> rb wrote : >> Kaba : >>> rb : >>>> >>>> http://img180.imageshack.us/img180/8286/20080218181526nq7.gif >>>> > > Seems the drawing is distorted (y scale factor != x scale factor) > >>>> The angle to find is ECD. >>>> The matter is solving it without trigonometric functions. >>> >>> Interesting problem, couldn't solve it either. I get 4 unknowns but >>> only 3 linearly independent equations. >> >> I'm not sure if an equation system is needed. > > you may consider 180° = x + y + 20° as an equation ;-) > >> I guess drawing a few parallels and looking for properties like >> angle bisector theorem, Thales' theorem, etc... should do the trick >> by showing two similar triangles. > > Or maybe isosceles triangles, or even equilateral ones... > > Knowing the answer (ECD=20°) shows ABC is isosceles (AB=BC). > But how to proove it directly ??? > We already have another isosceles triangle if we extend line ED and > BC to their intersect point F : FEB is isosceles (angles FEB = FBE) > How to use this FEB triangle to get other properties ?

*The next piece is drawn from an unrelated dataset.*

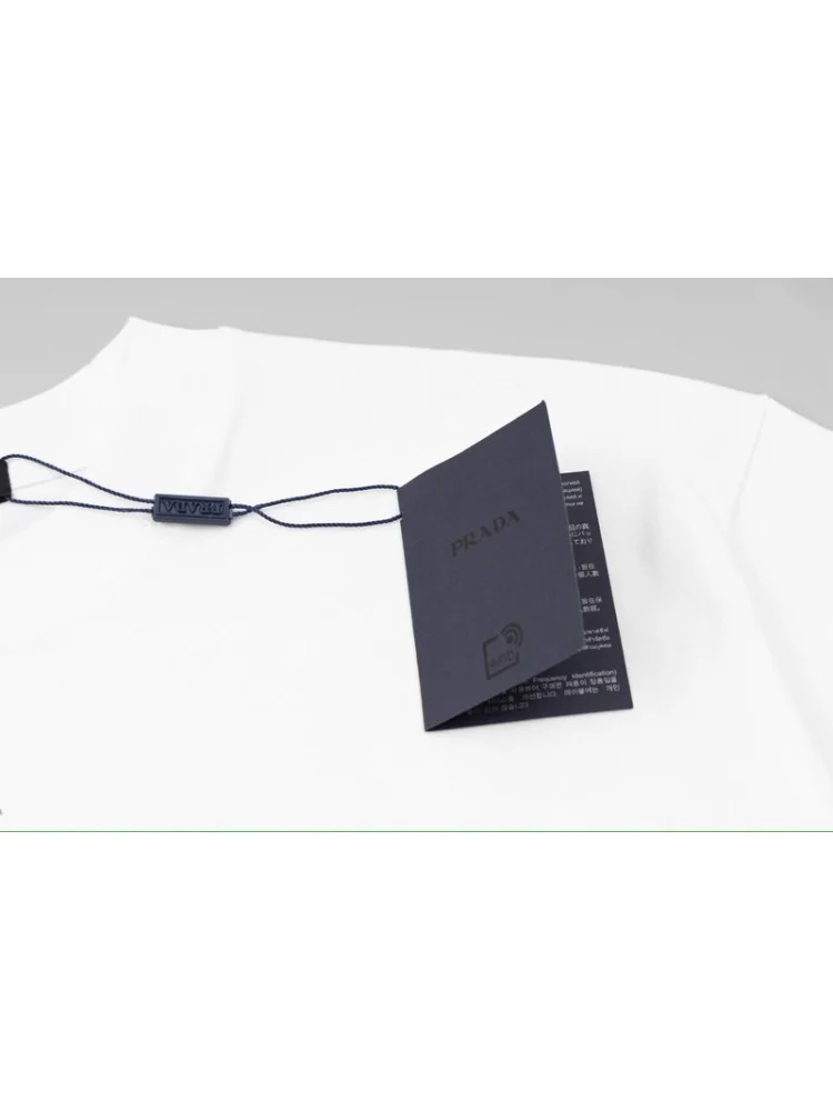 - Принт логотипа Prada - наличие принта с логотипом Prada придает футболке статусный и роскошный вид, подчеркивая вашу индивидуальность.
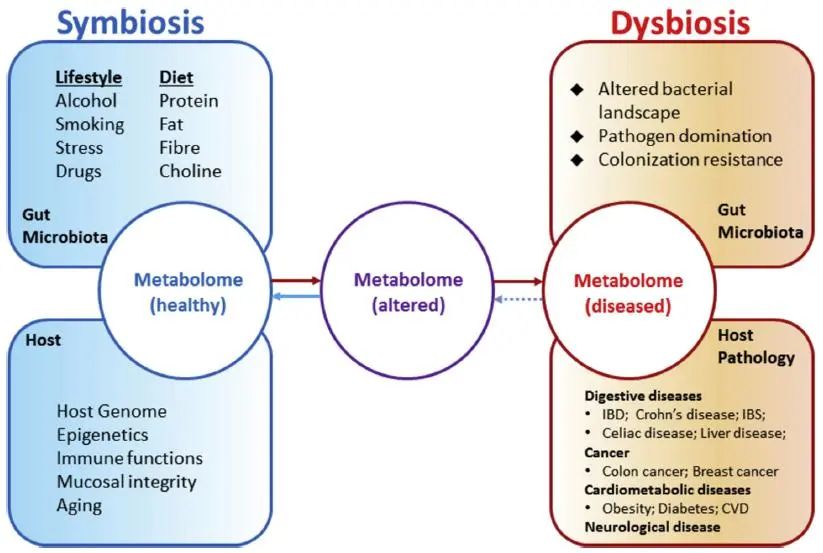 人体的代谢能力涉及肠道微生物群和宿主细胞之间的复杂相互作用。这些基于代谢产物生成的相互作用从个体出生时即已开始。小分子代谢物,比如维生素、脂肪酸、氨基酸(AAs)和胆汁酸,通过与特定宿主膜或核受体结合来调节宿主肠道代谢稳态。肠道微生物群促进了人类免疫系统的发展,而免疫系统反过来又塑造了微生物群的组成。

Yes, I was working mainly on this triangle and on a parallel to BC passing through D. This gives two 20° angles and also shows the bisector theorem in the triangle EBD but I don't know if it's necessary...
> The problem here is we have no hint for which point/line would give > a specific (hence right, isosceles, equilateral) triangle which > would give the searched angles. > > This is similar to another problem, being discussed two weeks ago > on a french newsgroup. > I've put it on my Web site, as well as this (unsolved) one. > > <http://chephip.free.fr/pbm_en/pb226.html> > > The hint there was to add a point at a specific 20° angle, which > results then into isosceles triangles.
Nice one! It's really very similar. I wonder if mine is a particular case too.
> Without the hint, we need hard trigonometric calculations. > (not very hard but still harder than "angles sum up to 180° in a > triangle") > These trig equations is the ones that lack to Kaba to solve his system. > > Unfortunately, I didn't either find a suitable point for this new > problem. (the 20° trick works only in the other problem's angle values) > > Regards.